<<<<
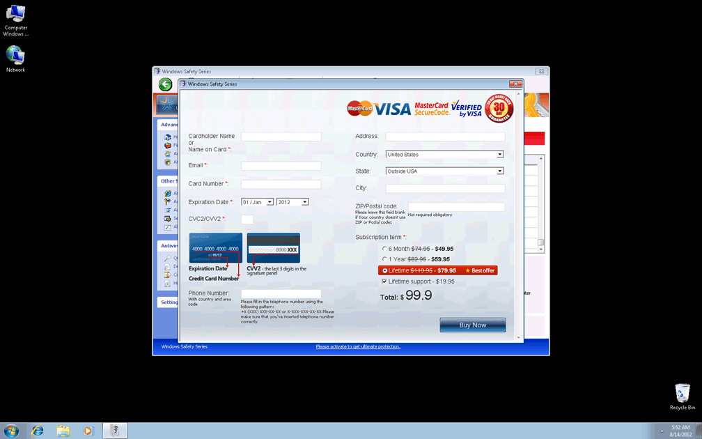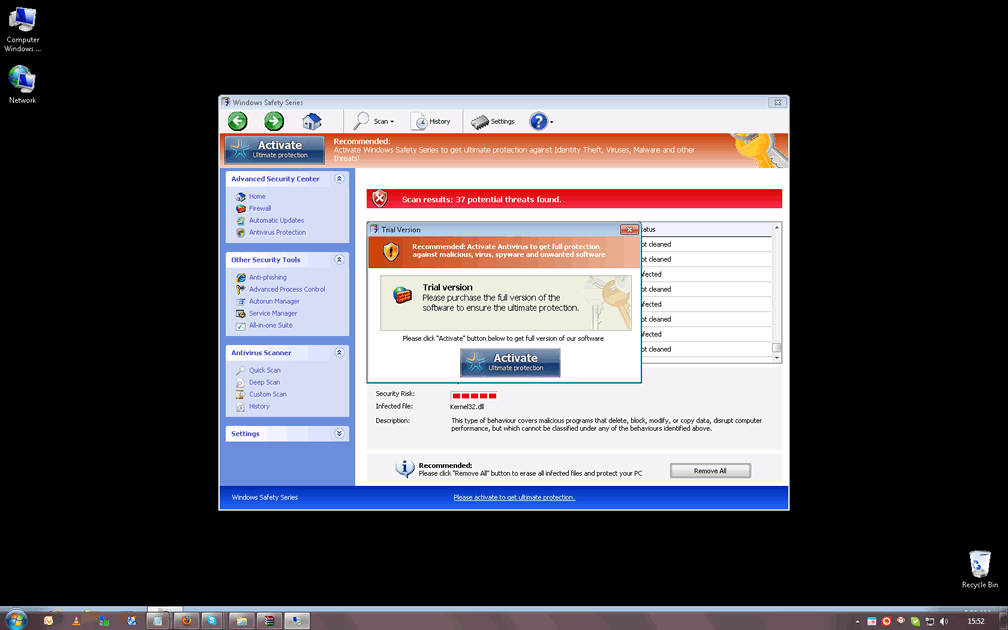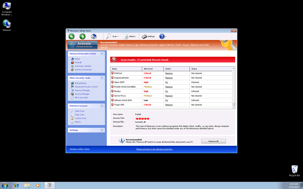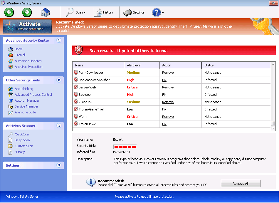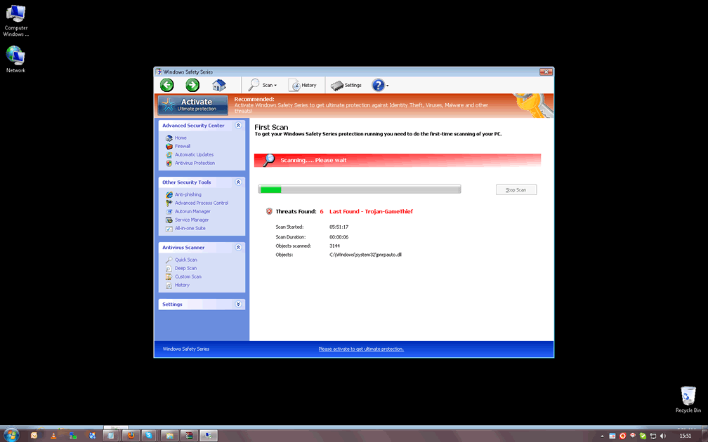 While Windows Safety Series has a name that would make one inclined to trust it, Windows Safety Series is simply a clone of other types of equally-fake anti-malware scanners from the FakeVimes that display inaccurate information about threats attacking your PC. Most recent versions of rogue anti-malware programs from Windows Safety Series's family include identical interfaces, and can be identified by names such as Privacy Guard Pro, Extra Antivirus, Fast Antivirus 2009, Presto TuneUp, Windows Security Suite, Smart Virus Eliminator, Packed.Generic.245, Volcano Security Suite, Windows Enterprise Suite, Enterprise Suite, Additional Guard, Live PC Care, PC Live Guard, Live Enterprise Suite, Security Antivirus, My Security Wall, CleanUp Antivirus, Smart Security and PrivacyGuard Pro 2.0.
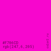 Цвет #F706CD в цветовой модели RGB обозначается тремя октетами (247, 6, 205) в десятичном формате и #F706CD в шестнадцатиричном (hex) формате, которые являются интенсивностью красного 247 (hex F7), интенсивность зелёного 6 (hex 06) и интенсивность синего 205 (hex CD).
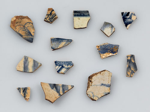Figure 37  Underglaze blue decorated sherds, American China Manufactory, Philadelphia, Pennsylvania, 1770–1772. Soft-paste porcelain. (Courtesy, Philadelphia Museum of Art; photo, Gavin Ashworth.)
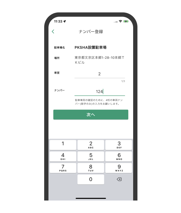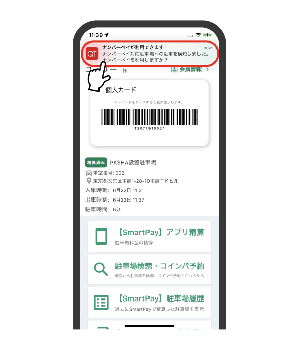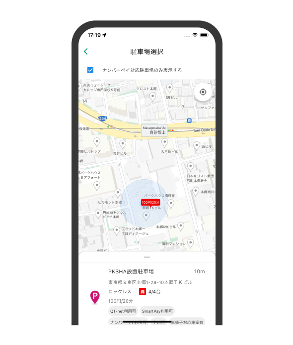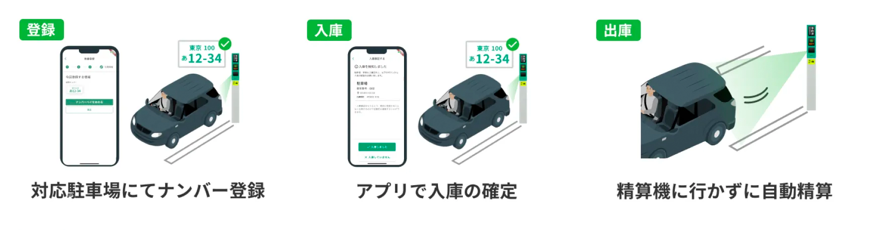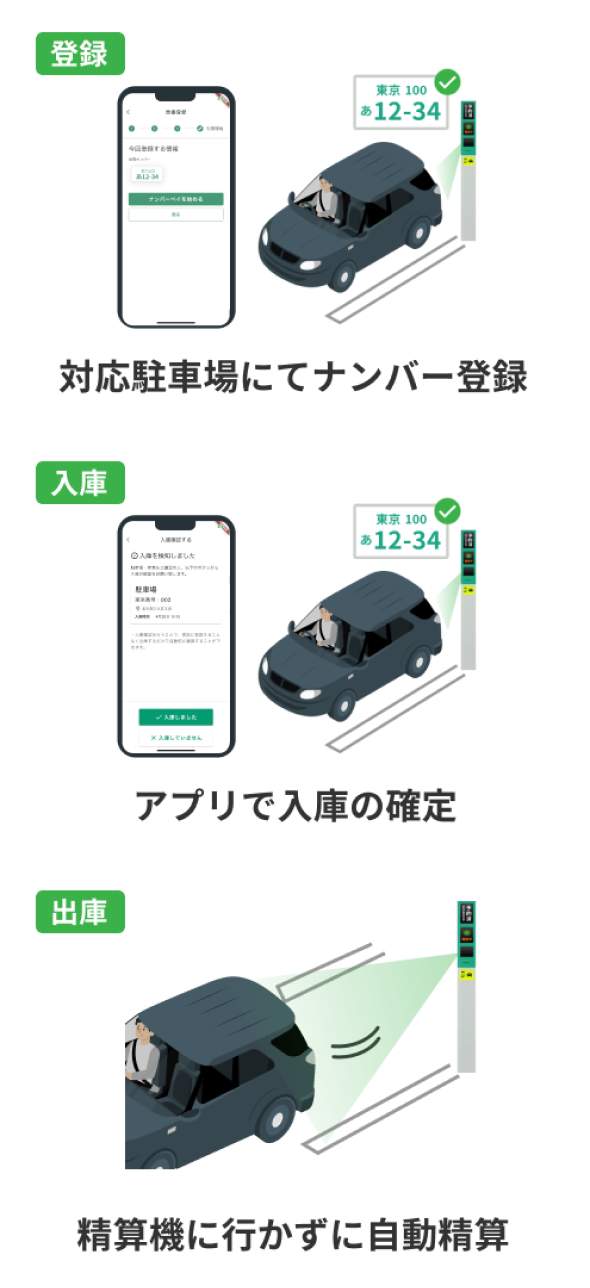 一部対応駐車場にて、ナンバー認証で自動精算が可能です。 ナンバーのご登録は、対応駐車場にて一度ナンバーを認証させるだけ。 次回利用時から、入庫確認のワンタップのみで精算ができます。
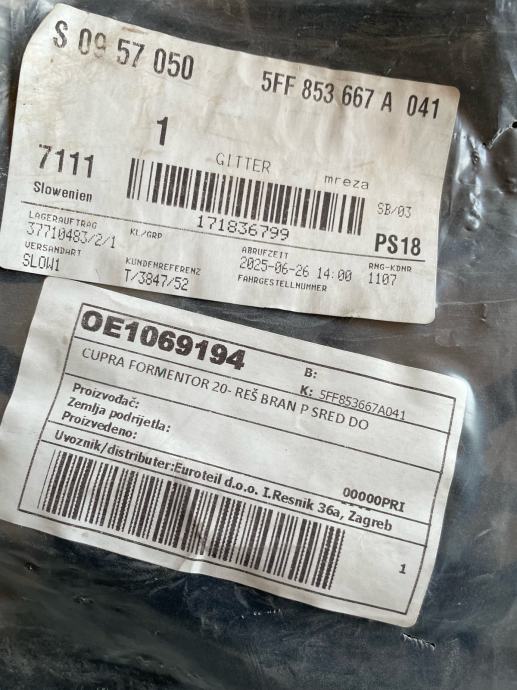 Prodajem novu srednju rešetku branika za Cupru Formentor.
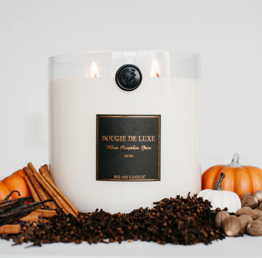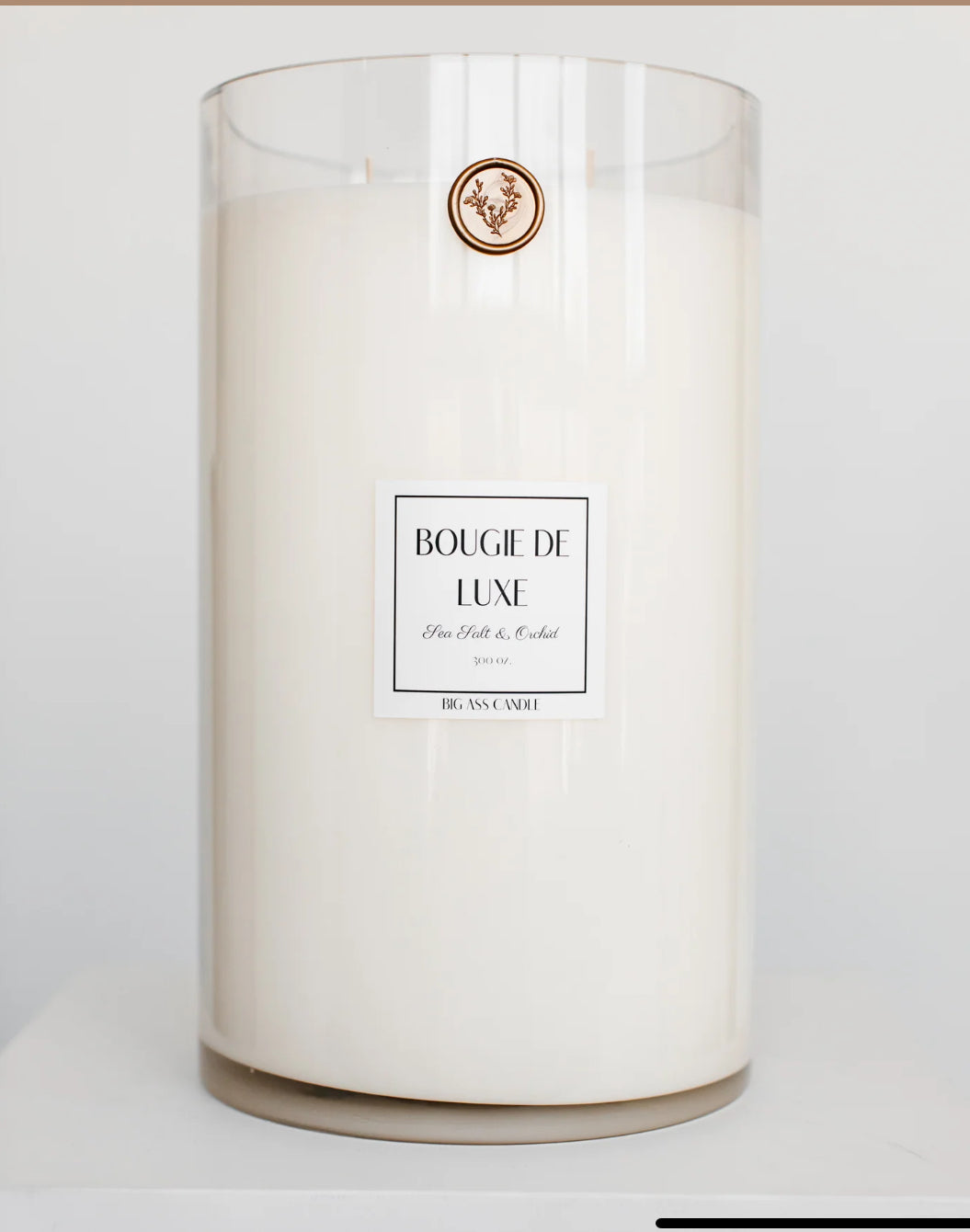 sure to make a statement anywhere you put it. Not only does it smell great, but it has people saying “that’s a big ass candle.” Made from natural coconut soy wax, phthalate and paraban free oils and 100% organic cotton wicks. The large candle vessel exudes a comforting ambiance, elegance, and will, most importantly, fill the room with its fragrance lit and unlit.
>>>>
> _EXERCISE DESCRIPTION_: The response should repeat every entry above exactly and include none of the pictures.

> _TASK ANSWER_:
 While Windows Safety Series has a name that would make one inclined to trust it, Windows Safety Series is simply a clone of other types of equally-fake anti-malware scanners from the FakeVimes that display inaccurate information about threats attacking your PC. Most recent versions of rogue anti-malware programs from Windows Safety Series's family include identical interfaces, and can be identified by names such as Privacy Guard Pro, Extra Antivirus, Fast Antivirus 2009, Presto TuneUp, Windows Security Suite, Smart Virus Eliminator, Packed.Generic.245, Volcano Security Suite, Windows Enterprise Suite, Enterprise Suite, Additional Guard, Live PC Care, PC Live Guard, Live Enterprise Suite, Security Antivirus, My Security Wall, CleanUp Antivirus, Smart Security and PrivacyGuard Pro 2.0.
 Цвет #F706CD в цветовой модели RGB обозначается тремя октетами (247, 6, 205) в десятичном формате и #F706CD в шестнадцатиричном (hex) формате, которые являются интенсивностью красного 247 (hex F7), интенсивность зелёного 6 (hex 06) и интенсивность синего 205 (hex CD).
Figure 37  Underglaze blue decorated sherds, American China Manufactory, Philadelphia, Pennsylvania, 1770–1772. Soft-paste porcelain. (Courtesy, Philadelphia Museum of Art; photo, Gavin Ashworth.)
 一部対応駐車場にて、ナンバー認証で自動精算が可能です。 ナンバーのご登録は、対応駐車場にて一度ナンバーを認証させるだけ。 次回利用時から、入庫確認のワンタップのみで精算ができます。
 Prodajem novu srednju rešetku branika za Cupru Formentor.
 sure to make a statement anywhere you put it. Not only does it smell great, but it has people saying “that’s a big ass candle.” Made from natural coconut soy wax, phthalate and paraban free oils and 100% organic cotton wicks. The large candle vessel exudes a comforting ambiance, elegance, and will, most importantly, fill the room with its fragrance lit and unlit.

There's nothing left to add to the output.